EDITORIAL: Reduce barriers to growth
THE INTERNATIONAL MONETARY FUND (IMF) has given its verdict on Barbados’ economy following its latest national consultation. There is some measure of optimism. But clearly, the country needs to do much better if it is to get off the road of economic stagnation it has travelled since the global recession of 2008-09.
We can only hope that the outlook for the remainder of the year remains promising and that the economic forecast does not dissipate. Barbados needs to record robust growth if we are to have a better society and higher standard of living. It is that growth that will ensure the country can pay for health care, education and public infrastructure, and fight poverty without additional taxation.
While the global recession has had an undisputed impact on the economy, there are internal forces that have played a part in making a bad situation worse.
Poor productivity has been constantly identified as one. It is a matter for Government, the private sector and labour.
There is also the need to reduce the barriers to growth, ensure the right fiscal incentives are in place for investment and workers, reform the public sector and embrace innovation such as the widespread use of alternative energy. The country also needs strong political leadership right at the top with no foot-dragging, especially as it relates to approval and implementation of plans.
It is not a time for stupid politics, but rational policies.
The IMF report comes at perhaps the ideal time. It lends credence to what the Central Bank has been saying about the economy and precedes the much anticipated Budget to be presented by Minister of Finance Chris Sinckler. He will have before him the recommendations of his economic advisers, the business community, labour and, of course, the IMF.
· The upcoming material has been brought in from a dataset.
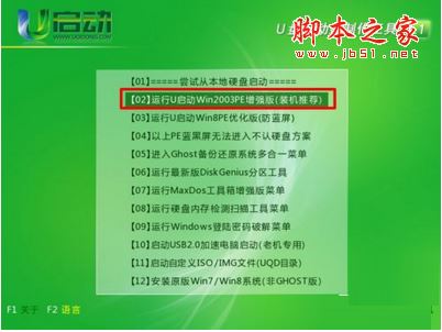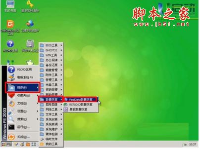 2、在上圖所示的u啟動主菜單中將光標移至“【02】運行u啟動Win2003PE增強版(裝機推薦)”并按下回車鍵即可進入win2003PE系統,隨后依次打開開始→程序→數據恢復→FinalData數據恢復即可;如下圖所示:
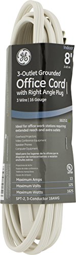 Extend the reach of your office and small home electronics with the eight-foot Grounded Office Cord with Right Angle Plug from GE. Equipped with three grounded outlets, the extension cord is perfect when you're in need of a few extra outlets and its low-profile, right angle plug keeps it close to the wall and out of the way. The GE Grounded Office Cord with Right Angle Plug is ideal for overhead projectors, video conferencing equipment, speaker phones, computer equipment and more, intended for indoor use and should be fully extended before using. This product is UL listed and backed by a 90-day limited warranty.

We expect that the economic reforms Government started will be continued,
but it is also true that many Barbadians are unable to shoulder more austere measures, cuts and further belt-tightening.
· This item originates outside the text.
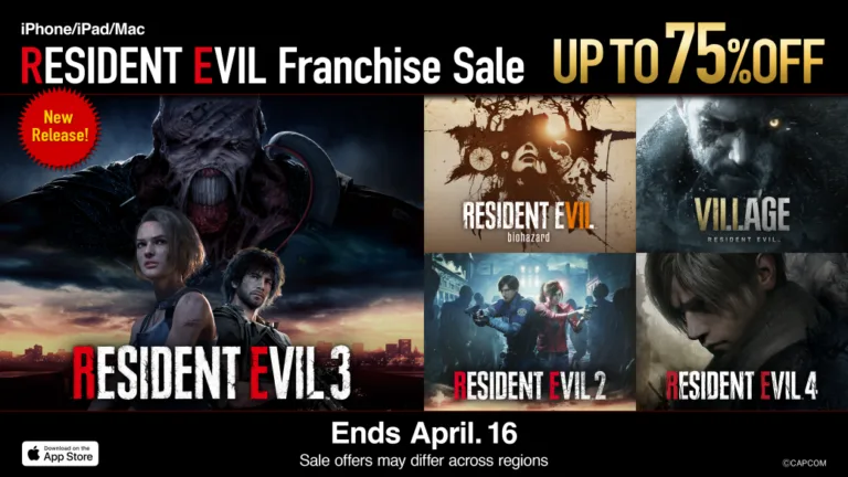Per celebrare il lancio, Resident Evil 3 è in promozione per un periodo di tempo limitato. Inoltre, Resident Evil 2, Resident Evil 4, Resident Evil 7 biohazard, e Resident Evil Village sono attualmente in vendita sull’App Store, garantendo a questi giochi Resident Evil preferiti dai fan prezzi scontati fino al 75%.

The minister will therefore need to decide whether his Budget will be one aimed at addressing the economic, fiscal and social issues by eliminating waste, reducing debts and focusing beyond austerity, or whether it will primarily be looking at merely cutting programmes and dealing the death of the welfare state.
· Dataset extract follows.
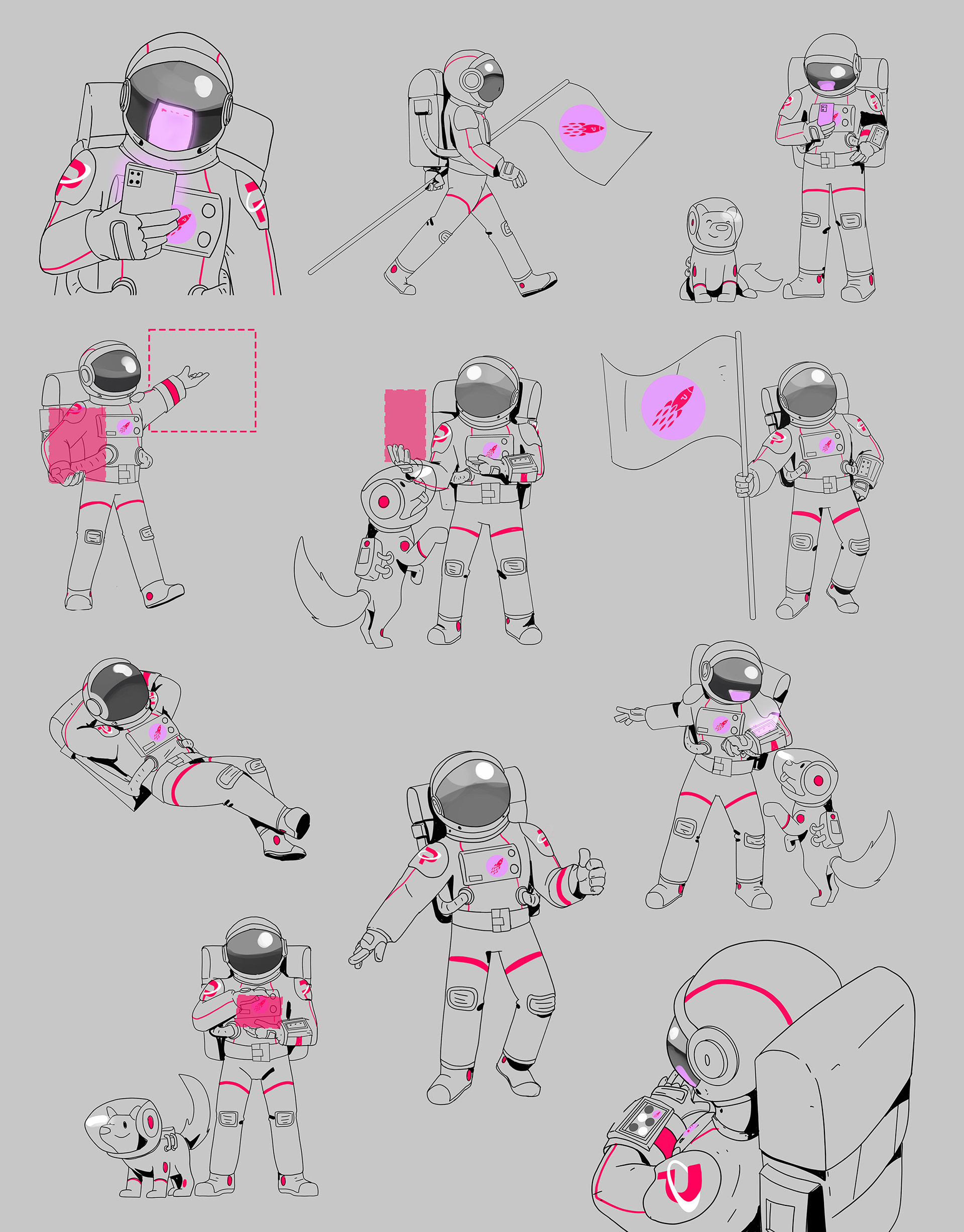 Design and development of characters for a virtual market app.

The Budget must not shy away from addressing the concerns raised by international credit rating agencies which have downgraded Barbados’ bonds to junk status, making international borrowing more expensive and Government paper unattractive to institutional investors.
Mr Sinckler must understand Barbadians want compassion, optimism and prudence from him. The country wants a responsible approach to its fiscal policy which can open the doors to new quality, well-paying jobs, to help businesses prosper and attract foreign investment.
The debate must be clear on the pathway forward; austerity versus growth.